Sunday 5 August 2018

Rhubarb And Vanilla Cheesecake


This cheesecake is one of the prettiest cake I ever made. Not just looking pretty it's also tastes delicious. 



Ingredients:
  • 220g Hobnob biscuits
  • 75g melted butter
  • 200g rhubard
  • 2 x 50g caster sugar
  • 225g cream cheese
  • 250g mascarpone cheese
  • 2 tsp vanilla extract
  • 1 packet or 4 leaves of gelatin
  • 1 cup boiling water
To decorate:
  • 1 cup water
  • 50g castor sugar
  • 250g/6 long rhubarb sticks 

Method:

For the cake: Blitz the Hobnob and melted butter in a food processor until they resemble wet sand. Press down the mix with a spatula in 6 inch spring release. Cake tin lined with greaseproof paper. Refrigerate.
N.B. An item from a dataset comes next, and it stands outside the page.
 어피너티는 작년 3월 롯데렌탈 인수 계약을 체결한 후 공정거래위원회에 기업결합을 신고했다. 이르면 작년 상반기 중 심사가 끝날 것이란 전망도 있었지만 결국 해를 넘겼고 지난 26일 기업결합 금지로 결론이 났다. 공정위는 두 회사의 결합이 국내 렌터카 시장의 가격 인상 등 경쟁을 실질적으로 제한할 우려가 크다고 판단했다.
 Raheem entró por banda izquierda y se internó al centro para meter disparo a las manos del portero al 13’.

Peel 200g of the rhubarb and place in a saucepan with 50g castor sugar over a low heat until it has become a piree. Allow to cool.
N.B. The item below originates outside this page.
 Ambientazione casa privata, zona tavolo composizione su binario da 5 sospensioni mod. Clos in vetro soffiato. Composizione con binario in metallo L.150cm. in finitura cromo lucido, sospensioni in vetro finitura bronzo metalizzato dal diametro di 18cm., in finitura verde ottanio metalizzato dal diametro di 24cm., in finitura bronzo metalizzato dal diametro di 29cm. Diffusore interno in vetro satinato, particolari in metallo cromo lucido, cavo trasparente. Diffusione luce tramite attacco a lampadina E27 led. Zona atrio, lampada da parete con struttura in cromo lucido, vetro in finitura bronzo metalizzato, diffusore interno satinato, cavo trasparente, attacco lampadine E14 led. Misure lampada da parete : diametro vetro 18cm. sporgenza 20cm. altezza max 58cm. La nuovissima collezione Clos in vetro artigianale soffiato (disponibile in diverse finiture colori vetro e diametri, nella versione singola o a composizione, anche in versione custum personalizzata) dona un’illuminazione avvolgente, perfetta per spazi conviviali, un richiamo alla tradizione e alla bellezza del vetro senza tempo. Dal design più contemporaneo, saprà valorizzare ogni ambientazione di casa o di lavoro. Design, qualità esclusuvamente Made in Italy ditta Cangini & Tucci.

In a mixer, whip the cream cheese, mascarpone and vanilla. 

Take a cup of boiling water and add the sugar and gelatin to it. Let it stand for 5 minutes stirring now and then.

Add the rhubarb puree to the cream cheese mix and then pour in the dissolved sugar gelatin mix. Whip till well combined and then pour onto the crust. Cover and refrigerate for at least 2 hours.

For the rhubarb topping: Using a peeler,slice long strips of washed rhubarb (including the skin to add colour). In a small saucepan add water and the remaining 50g sugar and bring to boil, then reduce to a simmer.

Lay out paper towel the length of the rhubarb strips. Add the strips of rhubarb a few at a time and cook for 20-30 seconds in the liquid.

Remove them from the liquid and lay them flat on the paper towel to cool. 

Once you have enough to cover your cake, take your cake out the tin and peel the lining paper off.

To decorate: Take the ribbons of cooked and cooled rhubarb and lie then over the surface of the cake ( You can do this randomly or in an ombre or strips, whatever you like best).

Then using scissors, cut the edges so you have a round edge that comes to the very edge of the top of the cake. Take the remaining rhubard and wrap them around the sides. Over lap them until the whole cake is covered.

Using a brush with the rhubarb cooking liquid, brush the whole cake, this will help it to stick and gives you a smooth glossy surface.